Westland Tai Poutini National Park, park, west-central South Island, New Zealand. Established in 1960, it shares a common boundary with Aoraki/Mount Cook National Park along the main divide of the Southern Alps. With an area of 508 square miles (1,316 square km), it extends from the Tasman Sea in the west to the steep northwestern face of the Southern Alps in the east.
There are more than 60 named glaciers in the park, although only the two largest, the Franz Josef and Fox, are readily accessible to tourists. The highest point is Mount Tasman, 11,476 feet (3,498 metres), in the Southern Alps. The park is well dissected by rivers and streams fed by the heavy precipitation, which falls as both rain and snow. Three main rivers rise in the park and empty into the Tasman Sea: the Waiho, Cook, and Karangarua. Vegetation includes beech, manuka, rimu and other pines, miro, rata, cypress, and subalpine scrub; these shelter the park’s varied birdlife, which includes species of teal, grebe, duck, kingfisher, thrush, skylark, and falcon. Gillespies Beach is a home for the only species of fur seal (Arctocephalus forsteri) breeding on the New Zealand mainland. Wildlife also includes chamois, red deer, stoat, and Himalayan tahr (Hemitragus jemlahicus). Fishing, hiking, and mountaineering provide recreation for visitors.

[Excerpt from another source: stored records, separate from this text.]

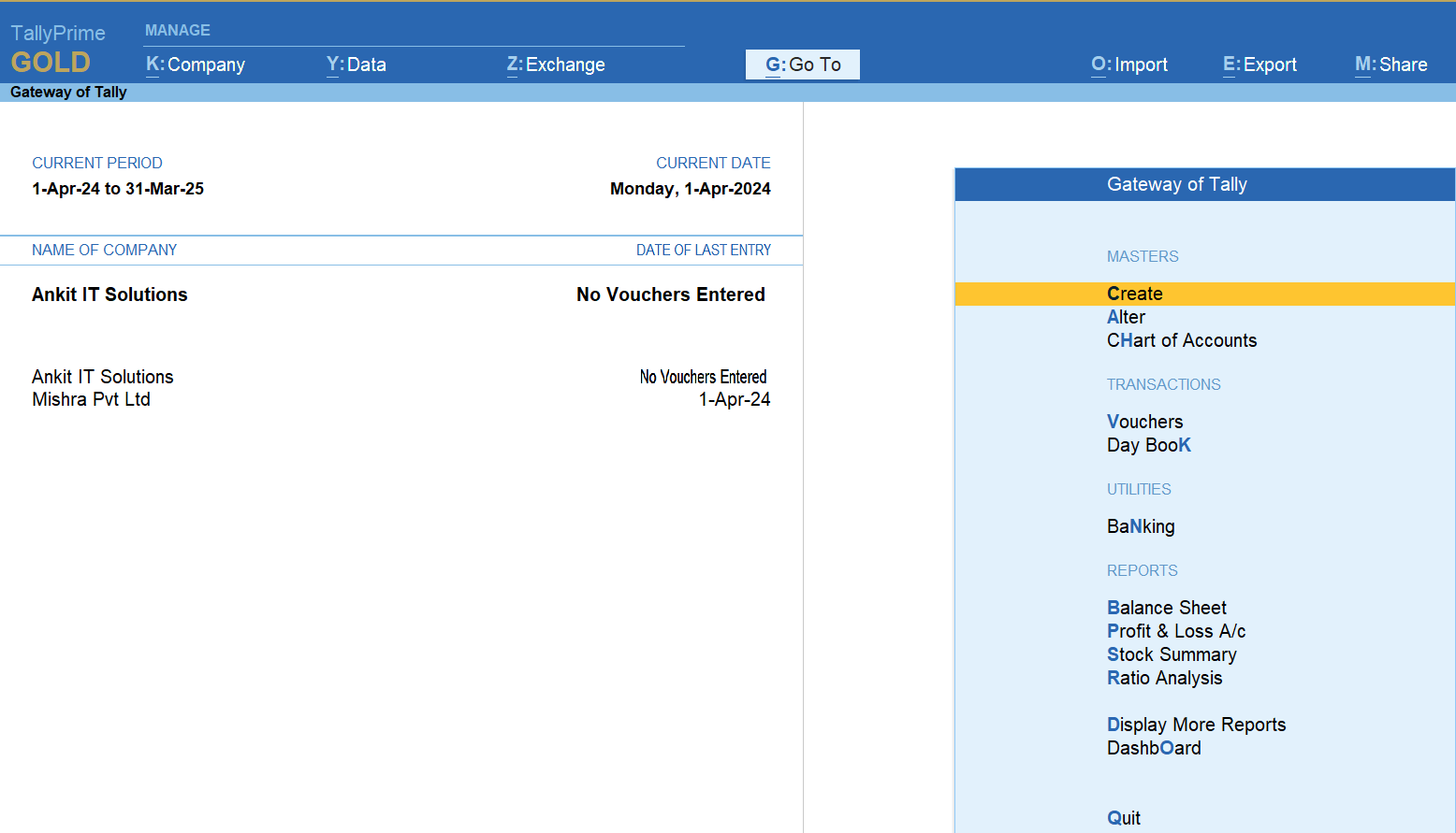 Ensure you are on the Gateway of Tally screen with the company already open.
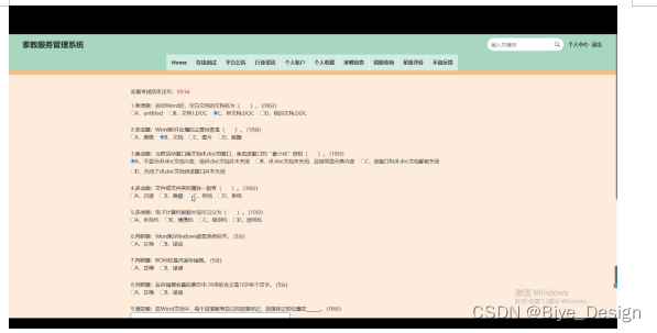 注册用户登录家教服务管理系统,功能为:首页,在线测试,平台公告,行业资讯,个人账户,个人收藏,家教信息,错题收纳,星级评价,不良反馈等功能,如下图所示:
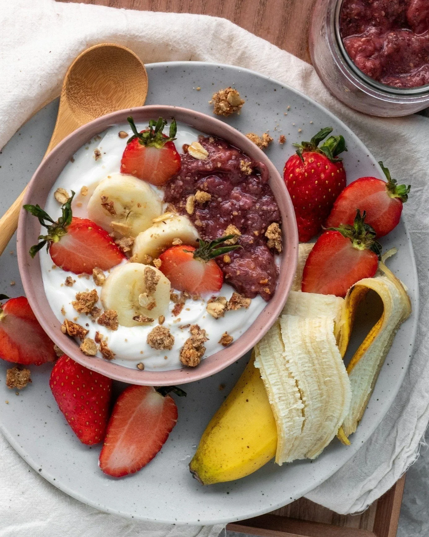 Use about a cup of greek yogurt as your base, then add all of your toppings. Some combos can include peanut butter, banana, and granola; pumpkin seeds, papaya, granola, honey; berries, pecans, maple syrup, and crushed graham crackers.
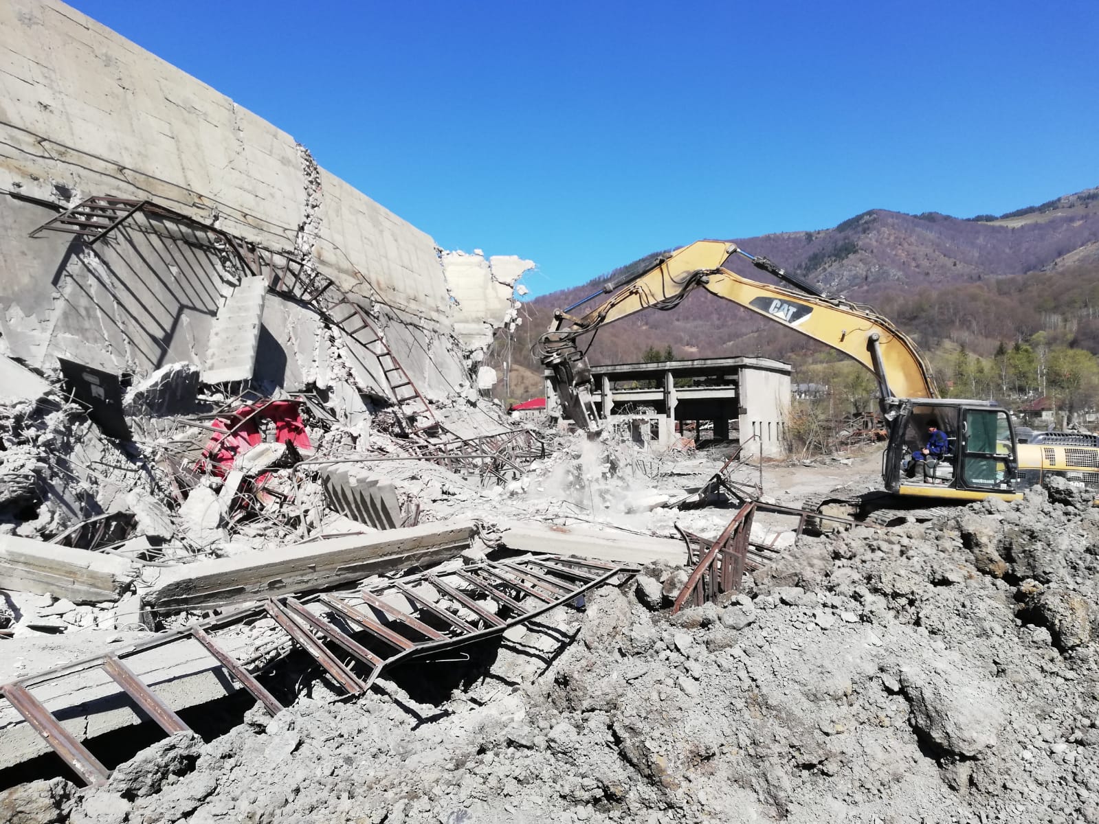 Concomitent, cu buldozere şi excavatoare aflate in dotarea Exploatării miniere şi a Primăriei Uricani sunt efectuate acţiuni de îndepărtare a materialelor de construcţie.
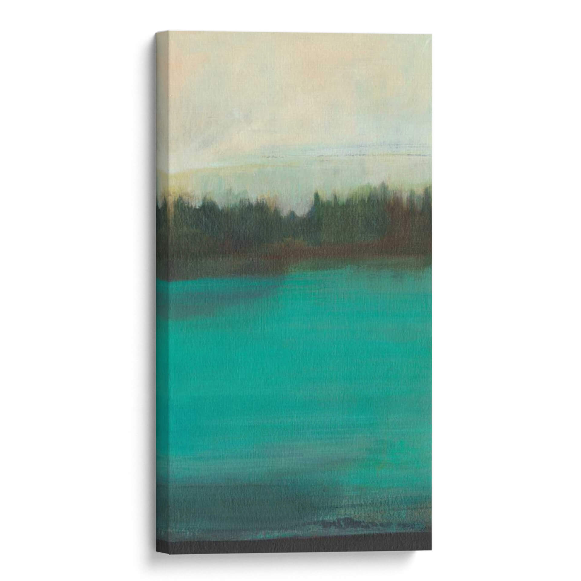 Sumérgete en la serenidad de "Treal Lake View I", una cautivadora obra de arte abstracto que evoca la tranquilidad de un paisaje lacustre al amanecer. La pieza se caracteriza por una paleta de colores serenos, dominada por vibrantes tonos turquesa que representan el agua en primer plano, fusionándose sutilmente con verdes profundos y terrosos que sugieren una línea de árboles o un horizonte distante. El cielo, representado con suaves toques de blanco y beige con sutiles matices de rosa, aporta una atmósfera etérea y pacífica. La composición, con sus horizontes horizontales y la aplicación de pintura texturizada, crea una sensación de profundidad y calma, invitando a la contemplación. Este cuadro decorativo es una adición perfecta para cualquier espacio que busque un toque de naturaleza y serenidad, ideal para salas de estar, dormitorios o estudios. Su estilo abstracto pero evocador permite que sea una pieza focal versátil, capaz de complementar tanto decoraciones modernas como contemporáneas, infundiendo paz y sofisticación en tu hogar. Deja que "Treal Lake View I" transforme tu espacio en un refugio de calma y belleza.
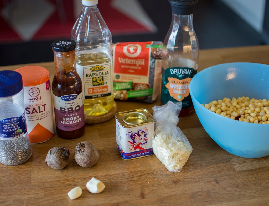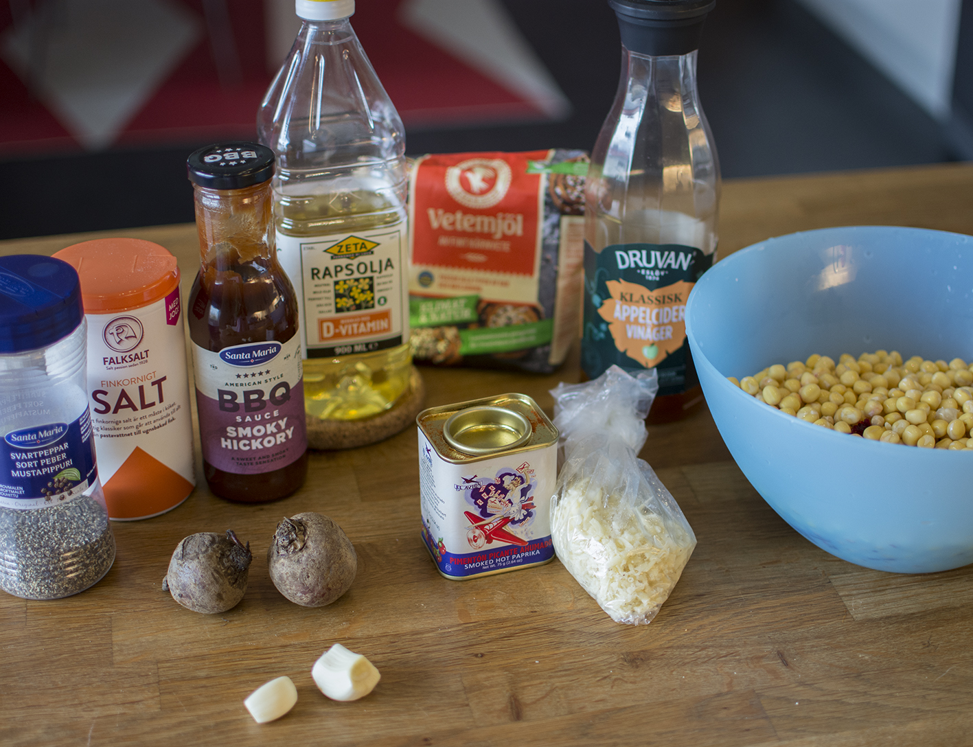 Riv de två rödbetorna till smeten grovt. Skala vitlöken och mixa med ärtorna till en grynig massa i en bunke. Tillsätt paprikapulver, barbequesås, rökessens, riven ost, äppelcidervinäger, 4 matskedar av rapsoljan, mjöl, salt och peppar. Blanda väl.
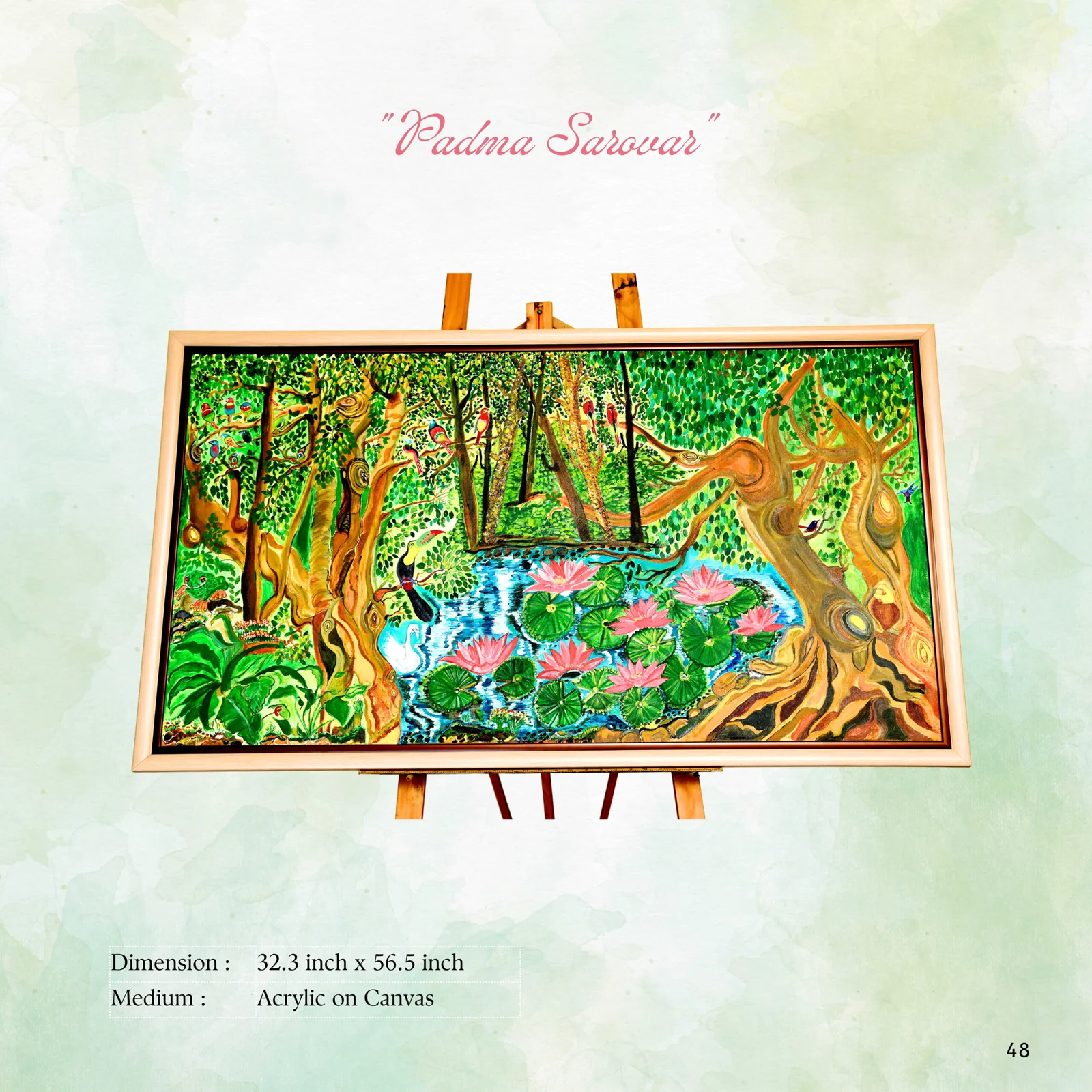 “Padma Sarovar” is an original acrylic painting on canvas by Gautam Mazumdar, created in 2024. Measuring 32.3 × 56.5 in (82 × 144 cm), this hand-painted masterpiece draws inspiration from the sacred dream of Queen Trishala, mother of Lord Mahavira.

In 1982 the park’s boundaries were extended to cover the former state forest areas of South Okarito and Waikukupa; additional lands in the upper Karangarua River valley were added in 1983. With the nearby parks of Fiordland, Mount Aspiring, and Aoraki/Mount Cook, Westland Tai Poutini National Park constitutes Te Wahipounamu (South West New Zealand), a collective World Heritage site designated in 1990.